Medically reviewed by

Dr. Abdul Aziz Khan

Published At May 29, 2023
Reviewed AtFebruary 6, 2024

Introduction:

A bone marrow transplant is a process that introduces healthy blood-forming stem cells into the body. A bone marrow transplant replaces damaged stem cells with healthy cells. A bone marrow transplant is required if the bone marrow stops working and does not produce enough healthy blood cells.

What Is a Bone Marrow Transplant or Replacement?

Bone marrow is a spongy, fatty tissue inside the bones. It produces red blood cells (RBCs carry oxygen and nutrients to the body), white blood cells, and platelets (help form blood clots). Bone marrow contains immature blood-forming stem cells called hematopoietic precursor cells. These cells are differentiated and can only make copies of themselves. However, these stem cells are unspecialized and immature. These cells can multiply through cell division which will remain as stem cells or differentiate and mature into many blood cells. The hematopoietic precursor cells in the bone marrow will make new blood cells throughout the lifespan.

Healthy stem cells are from a donor or can come from their own body. Stem cells can be harvested or grown before chemotherapy or radiation treatment. Those healthy cells are then stored and used in transplantation. Bone marrow transplants use cells from their own body (autologous transplant) or a donor, called an allogeneic transplant.

What Are the Types of Bone Marrow Transplants?

  1. Allogenic stem cell transplant (uses healthy stem cells from a donor to replace the bone marrow).

  2. Autologous stem cell transplant.

What Are the Uses of Bone Marrow Transplants?

A bone marrow transplant is used to:

  • Replace bone marrow with new stem cells.

  • Provide new stem cells that can help kill cancer cells directly and produce new blood cells to resume normal functions of the body.

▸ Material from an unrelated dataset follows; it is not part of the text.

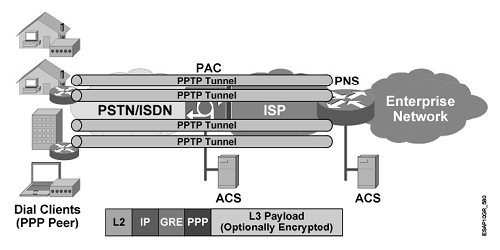 • PPTP Access Concentrator (PAC): 接入服务商,允许拨号接入连接(通常是由ISP担任,而且不需要ISP的协助来建立隧道)

Bone marrow transplant is a procedure for the following conditions:

  • Acute leukemia (a type of cancer of blood and bone marrow that affects white blood cells).

  • Aplastic anemia (a condition in which the body stops producing enough new blood cells).

  • Bone marrow failure syndromes.

  • Chronic leukemia.

  • Hodgkin's lymphoma (cancer of the lymphatic system).

  • Immune deficiencies.

  • Multiple myeloma (a cancer of plasma cells).

  • Neuroblastoma.

  • Non-Hodgkin's lymphoma.

  • Plasma cell disorders.

People with bone marrow transplants may experience minimal problems or may lead to serious complications requiring treatment or hospitalization. The complications can be life-threatening.

Possible complications from a bone marrow transplant include:

  • Graft-versus-host disease (a complication that occurs in allogeneic transplants only).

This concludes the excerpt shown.